Answer:
a) α = ¹²/₇ L/g
b) v = √(²⁷/₁₄ gL)
Explanation:
The net torque on the rod is equal to its moment of inertia about its pivot times the angular acceleration. The torque is equal to the force of gravity times the distance between the center and the pivot. Energy is conserved, so as the rod falls, the potential energy is converted to rotational kinetic energy.
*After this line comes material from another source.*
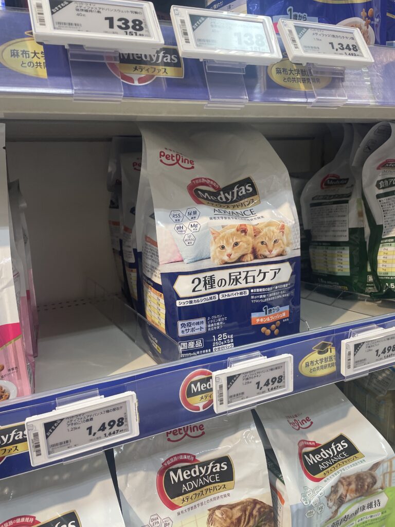 そして絶対に切らしてはならないエサ!わが家の最近の定番はメディファスアドバンス「2種の尿石ケア」!いつも買いに行くダイレックスがどういうわけかここ2週間近く置いてくれていないため、高いけどしぶしぶイオンで買っていました。それなのに…

a) Draw a free body diagram. There are two forces on the rod, weight force mg pulling down at the center of the rod (which is ¼ L from the pivot), and reaction force R at pivot P. Sum of moments about the pivot P:
∑τ = Iα
mg (¼ L) = Iα
The moment of inertia of a rod about its center is I = ¹/₁₂ mL². Using parallel axis theorem, the moment of inertia offset from the center by ¼ L is:
I = ¹/₁₂ mL² + m (¼ L)²
I = ¹/₁₂ mL² + ¹/₁₆ mL²
I = ⁴/₄₈ mL² + ³/₄₈ mL²
I = ⁷/₄₈ mL²
Substituting:
mg (¼ L) = ⁷/₄₈ mL² α
g = ⁷/₁₂ L α
α = ¹²/₇ L/g
b) The initial potential energy equals the final kinetic rotational energy.
PE = RE
mgh = ½ Iω²
The height of the rod's center relative to the final position is h = ¼ L.
mg (¼ L) = ½ (⁷/₄₈ mL²) ω²
¼ mgL = ½ m (⁷/₄₈ ω²L²)
½ gL = ⁷/₄₈ ω²L²
g = ⁷/₂₄ ω²L
ω² = ²⁴/₇ g/L
ω = √(²⁴/₇ g/L)
The tangential velocity (v) of the bottom of the rod is equal to the angular velocity (ω) times the distance between the bottom of the rod and the pivot (¾ L).
v = ω × ¾ L
v = ¾ L √(²⁴/₇ g/L)
v = √(⁹/₁₆ × ²⁴/₇ gL)
v = √(²⁷/₁₄ gL)